Hacker News new | ask | show | jobs
by sofixa 1331 days ago
Having .html file extensions is very old school, and its removal is one of the popular/default redirects on all http servers that support it. Site generators also hide it through various methods (e.g. having a folder with the path name with just an index.html where a dynamic redirect isn't possible).
4 comments

It was removed explicitly for SEO and having a single canonical URL for a resource _for all of time forever_. Right now we use HTML for web pages but who knows what the internet 20, 50, 100, etc. years from now will use--maybe .Super-Awesome-Mega-HTML is all the rage. If over time you are changing your site and its URLs are changing then you're breaking that canonical URL and search indexes, caches, way back machine, etc. all suffer. So the intent is don't make the format of the page (HTML) part of it's canonical URL.
In case anyone hasn't read it, not including the extension is covered in more detail in "Cool URIs don't change" https://www.w3.org/Provider/Style/URI
The benefits aren’t just SEO. I’d much rather have /about than /about.{htm,html,php,asp,etc}. I don’t see how the latter is preferable for routing to pages.
I second this. That's what mime-type headers are for. The URL should locate a resource, as the name suggests, not necessarily convey metadata about what the resource is.
Site generators hiding it is not a problem for portability. Supporting that redirect is also not a problem! Permanent redirects are.
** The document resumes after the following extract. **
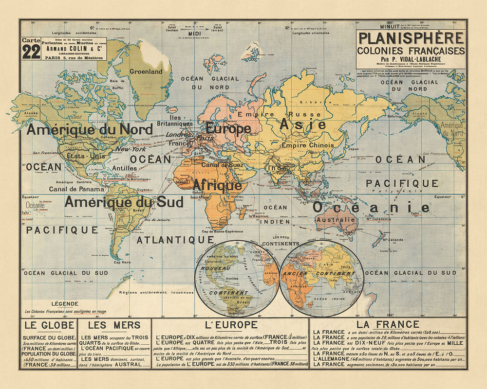 Embarca en un viaje a través del tiempo y el espacio con el exquisito "Planisferio" de Paul Vidal de La Blache, publicado por Armand Colin Editeur, una obra maestra creada en el corazón de París en 5, rue de Mezieres. Este mapa temático, un testimonio de la edad dorada de la exploración y la cartografía, captura el mundo de una manera que es tanto educativa como asombrosa. Diseñado con el propósito de iluminar mentes, el Planisferio sirve como una ventana a las vastas extensiones de nuestro planeta, mostrando la intrincada red de rutas marítimas, terrestres y ferroviarias que conectan tierras distantes. Desde los históricos Canales de Suez y Panamá hasta la legendaria ruta de Marsella a Yokohama, este mapa invita a los espectadores a trazar los caminos que han dado forma a la historia humana.

Also, old-school is still the dominant way with how small sites are hosted, in terms of number of hosting providers who offer cgi hosting.

Yes. New school's defining feature is needless layering of complexity to hide the simple truth of the file system from users.
Maybe this is just me, but I like that I can decouple the way I organize my file system from the way users access my site. And with that comes the ability to get rid of file extensions and make urls more human-friendly. Remember, not every person has file extensions turned on by default on their Windows File Explorer!
Is there a reason why someone visiting your website should know or care about file extensions?
The user presumably wants to know what kind of content they're going to receive from a given endpoint - foo.html, foo.pdf, foo.jpg, foo.mp3 and foo.avi suggest quite different experiences, and it's nice to include that hint in the URL (where it's visible on mouseover) rather than the user having to go in blind. I also like being able to reassure the user that they're receiving the same piece of content however they access a given resource, rather than the possibility of invisible content negotiation changing the site's behaviour.
Such hints can be unreliable at best and misleading at worst. There is nothing to guarantee that the file extension and the Content-Type header will agree, nor is there anything to guarantee that the file name in the URL will match the download file name in the Content-Disposition header.
Well, sure, but you can just... not do that? The <title> tag can be misleading because there's no guarantee that the title matches the content of the page - but the answer to that is to use good titles for your pages, not to avoid using the <title> tag.
My point is that it isn’t really reassuring for the user because of invisible negotiations. If anything, I would lean more towards guessing that users are, more often than not, either ignorant or untrusting of URL contents, either because the URLs so frequently look like nonsense (arbitrary content IDs instead of meaningful names) or because they have already proven to be unreliable elsewhere on the web (deep links not as deep as expected when copied or shared).
I guess no one should know whether a pdf is a pdf. Or even whether it's a .com or a .org domain - the browser should just strip all that confusing stuff away!
When you're serving someone an HTML file are you serving them the exact copy on your file system or do you ever use templates? Do you ever pull info from the database? If so, can you see why this is slightly different from directly serving a static pdf?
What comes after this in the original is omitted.